Ex garda fined for leaking report to newspaper

A former senior garda has been given a suspended sentence and a €5,000 fine for leaking a confidential government report to an Evening Herald reporter.

A former senior garda has been given a suspended sentence and a €5,000 fine for leaking a confidential government report to an Evening Herald reporter.

Now-retired Detective Sergeant Robert McNulty (aged 50) had been "obsessed" with restoring his reputation since coming under a 2006 public inquiry into the Dean Lyons case and had denied contacting reporter Mick McCaffrey, whose fingerprints were found on his copy of the draft report.

Defence counsel Mr Padraig Dwyer SC submitted that his client spoke of being "ridiculed" by the media and "jeered at by his own peers" and had disclosed the draft report, which cleared gardaí of misconduct surrounding Mr Lyons’s false murder confessions, in a "self-serving" bid to "vindicate his own good name".

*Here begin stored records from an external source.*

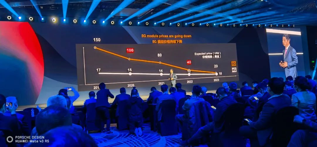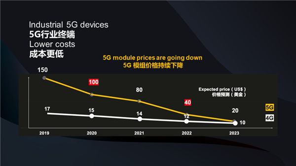 今年双十一期间,中国移动向市场提供了799元人民币的5G模组,这是一个非常积极的信号。华为预测,到2020年底,5G模组价格将降低到100美元左右,到2022年底进一步降低到40美元左右。
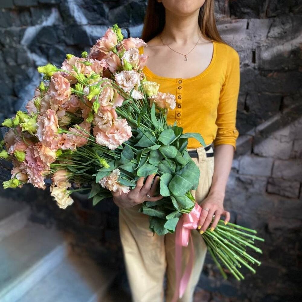 Букет из 31 персиковой эустомы (лизиантусов) в стильной упаковке “Каас”
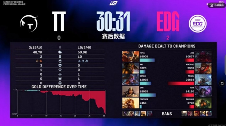 第二局AKi皇子前期想找节奏但是连续两次反而都被EDG化解自己还白给了!TT哪怕有前期的优势但是没什么推进的节奏,反而是Xiaohao猴子ID一遮打的像Tarzan,要反蹲有反蹲,要gank开团有gank开团,中期EDG一波小龙团,一波下路埋伏找回节奏,SeTab阿萝拉状态低迷直接被新人辅助Parukia泰坦逮捕!EDG中野上路逮捕HOYA兰博拿下大龙扩大优势,高地团Parukia泰坦两钩连续命中!EDG打出人数差结束比赛!收获4-0小局的大场两连胜!
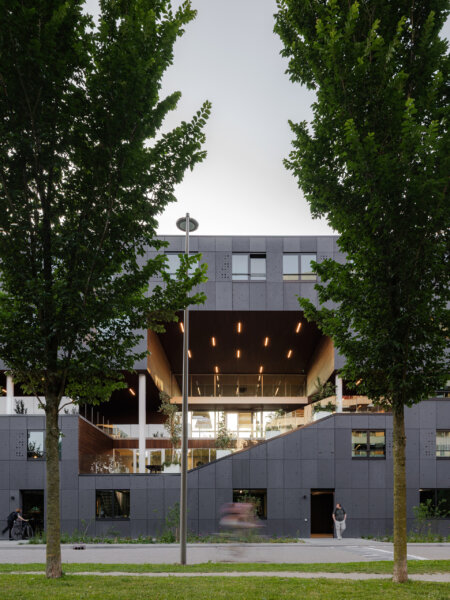 Designed as a tilted warehouse, C14 not only reflects the area’s industrial history, but symbolises Cityplot Buiksloterham, where all buildings, public space and landscape work together as one sustainable system.
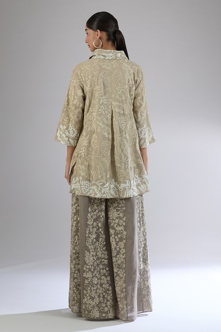 Brown jacket featuring resham embroidery in floral patterns. Paired with a slip underneath.
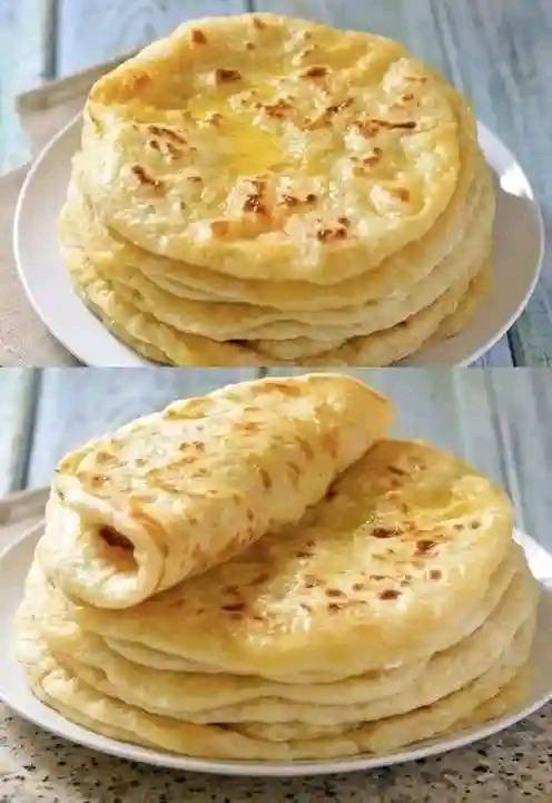 Bazlama is a soft, pillowy Turkish flatbread made with yogurt, flour, and yeast. Traditionally cooked on a hot griddle, this bread is tender inside with golden brown spots on the outside. It’s often compared to naan or pita, but its texture is uniquely fluffy and slightly chewy.
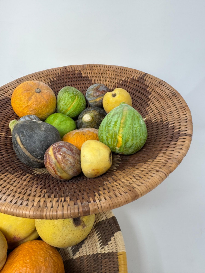 Lot # 79 - 2 Woven Baskets Filled w/ Decorative Stone Fruit

Mr Dwyer submitted to Judge Desmond Hogan that his client had been "obsessed" with clearing his name and "jumped the gun" by divulging the report’s findings before its final draft was sent to the Justice Minister.

McNulty, of The Close, Boden Park, Rathfarnham pleaded guilty to disclosing the draft report’s contents without consent on a date between July 10 and August 10, 2006.

Judge Hogan noted that the information released by McNulty related to himself and that he has since resigned his senior position in the gardai.

He imposed a 12-month suspended sentence and a €5,000 fine with three months to pay.

Detective Superintendent John McMahon said the Government set up the Dean Lyons Commission of Investigation under Mr George Birmingham SC (now Mr Justice Birmingham) to investigate Mr Lyons’s false confessions to two murders in the Grangegorman area in 1997.

Det Supt McMahon said McNulty and other colleagues had already been vindicated of misconduct in an internal inquiry and subsequent review.

He said Mr Birmingham sent the first draft of the commission’s report to 15 people, including McNulty, between July 10 and 11, 2006, before revising it, issuing a second draft and sending the final draft to the Justice Minister on July 28, 2006.

Det Supt McMahon told Mr McGinn that the Evening Herald published articles on August 10 and 11, 2006 containing direct quotes from the first five pages of the report’s initial draft.

Gardaí deduced that the quoted material came from the report’s first draft because the same content had been amended in subsequent drafts.

McNulty confirmed he had received the confidential document in a sealed envelope but denied he had contacted Mr McCaffrey or other journalists when he spoke with colleagues investigating the leak.

Det Supt McMahon said gardaí arrested McNulty and Mr McCaffrey when they found evidence of calls between the two men on the reporter’s phone.

He said gardaí matched the reporter’s fingerprints to three marks found on McNulty’s draft report.

The former garda was charged with disclosing the report on October 15, 2007 and suspended from the force since then until his retirement in July 2009.

Det Supt McMahon agreed with Mr Dywer that his client had been a serving member of An Garda Síochána since 1978 and was a "good officer" who "worked well".

Retired Det Supt PJ Browne described McNulty, his friend and colleague of 20 years, as a "very commendable, very reliable" member of the force who came under enormous pressure from the Dean Lyons investigations.

Det Supt Browne revealed that McNulty "looked at himself as being under suspicion at all times" during the internal garda inquiry but "came back to himself" when the investigations were over.

He agreed with Mr Dwyer that the "pressure" returned when the public inquiry began.

Det Supt Browne said: "My only belief is that he did it to clear his name", when Mr Dwyer asked him his opinion on McNulty’s motive for the leak.

Mr Dwyer (with Mr Breffni Gordon BL) submitted that McNulty, a married father-of-three with no previous convictions, had lost his reputation, his job, his health and the respect of his colleagues and the public.

He submitted that although his client had "jumped the gun" with leaking the report, the disclosure did not derail the commission or affect its work.